Asking for and receiving help is important.

Even when faced with a health challenge, as I was, it was not easy to reach out for help — and it was sometimes hard to graciously receive help. So, when we are dealing with our everyday lives, with no extenuating circumstances, asking for and accepting help can be an even bigger issue.

I realized several years back that I had trouble asking for help. And accepting help when it was offered did not feel great either. I was stubbornly committed to doing everything myself. Why? It was a family “script” that I had adopted that said there was something wrong with me if I needed help. The script said that I should be able to figure everything out myself — and if I couldn’t or if I struggled, it indicated that I was not smart enough or hadn’t worked hard enough. By the time I realized how much I’d have benefited from reaching out for help sooner, I had suffered much more than I needed to — not to mention having lost opportunities for accomplishing even more. It took some getting used to, but learning this lesson has proven to be very important.

The myth of needing to be a lone warrior is damaging! Asking for help and support carries no shame. And learning to receive help with grace is an significant part of personal growth. I’ve learned to not only give with a full heart, I also ask for help, and receive help with gratitude.

I no longer believe that grinding away at hard work is the key to achieving great outcomes.

This is a common belief in our culture, that emphasizes hard work and long hours. It’s a badge of honor for people to boast about how little sleep they need! So, whether this is a script that is rooted in childhood or not, it’s a story many of us have readily adopted.

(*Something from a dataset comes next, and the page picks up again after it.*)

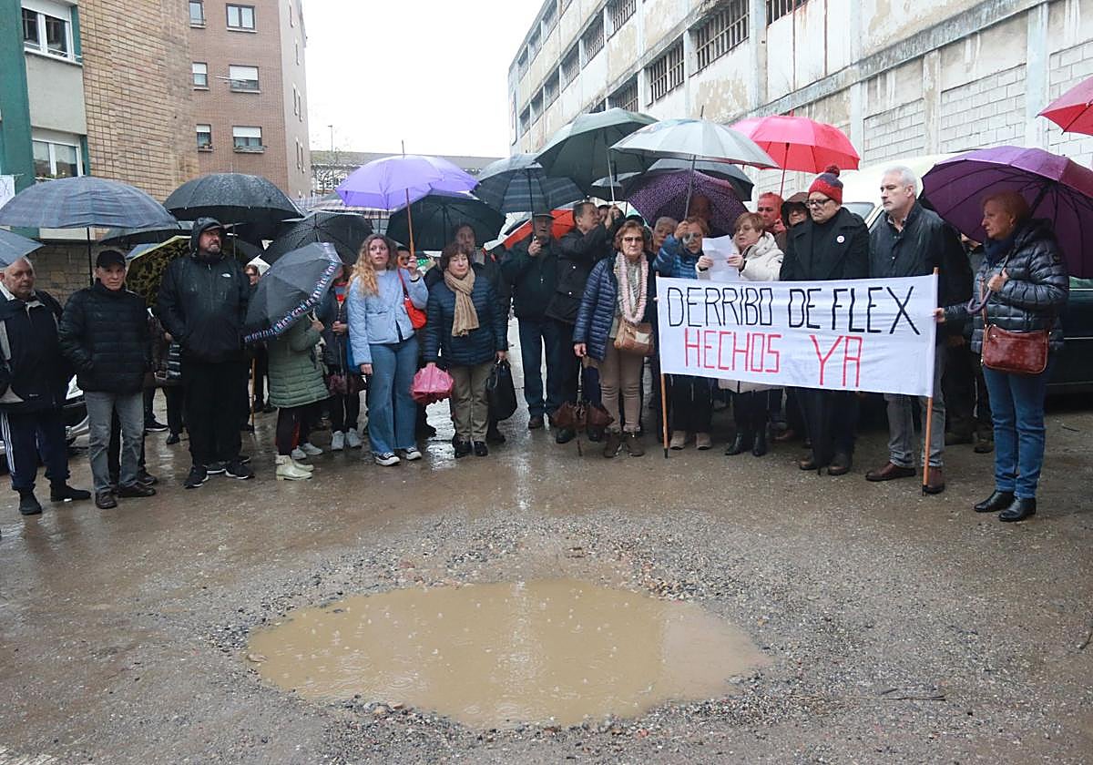 Junto a una pancarta que rezaba: «Derribo de Flex. Hechos ya». Los vecinos indicaron que no quieren «más palabras vacías». Así lo expresó Inmaculada Batalla, que vive frente al abandonado edificio y lleva sufriendo este problema desde que cerró la fábrica en 2001. «Es un estercolero», criticó.

What I’ve learned over time, and have realized even more keenly this summer, is that success comes when we work smart more than work hard. What does that mean? When we take care of our precious physical bodies, getting enough rest and nourishment, and when we create time to move (on walks, in a yoga class, swimming, etc.), we work with more focus. When we slow down, think, and stop reacting, we can create the paths forward that are best for us. We actually get more done with less exertion. And, yes, when we also reach out for help so that we focus on the work that only we can do (letting others create systems for us, letting others take on tasks that can be delegated), we work less hard and work smarter. And best of all, we reap the benefit of having energy left to enjoy life apart from our work.

The answers are in each of us.

This lesson has become clearer and clearer over time. Instead of doubting myself, or looking to “experts” for answers, I’ve learned that I hold the answers to my most important questions. This lesson took a long time to learn, and to trust.

It used to feel overwhelming to sort through the whirlwind of thoughts in my head. I was sure that others had figured it all out, if only I could find the right book or the perfect on-line guru. This is not to say that there isn’t a lot to learn from great books and teachers. But I have learned that MY answers to MY deep questions are in me — they always were there, and they always are there. I now know that my creativity is boundless and my internal compass is sure, and I know they guide me wisely. What I needed were good tools to connect me to my intuition and to finding my answers. I needed good people to teach me about the tools and how to use them. (My coach provided both great tools and supportive teaching.) And, I needed to practice using them, to integrate them into the fabric of my life.


Do these issues resonate for you?
Do other issues come to mind that connect to stories that limit you?
What have you learned that has been significant to your personal growth?

I’d be glad to hear about the matters that continue to be challenges for you — because we are always on a path of reaching new heights in life, and mastering our challenges is the way that happens.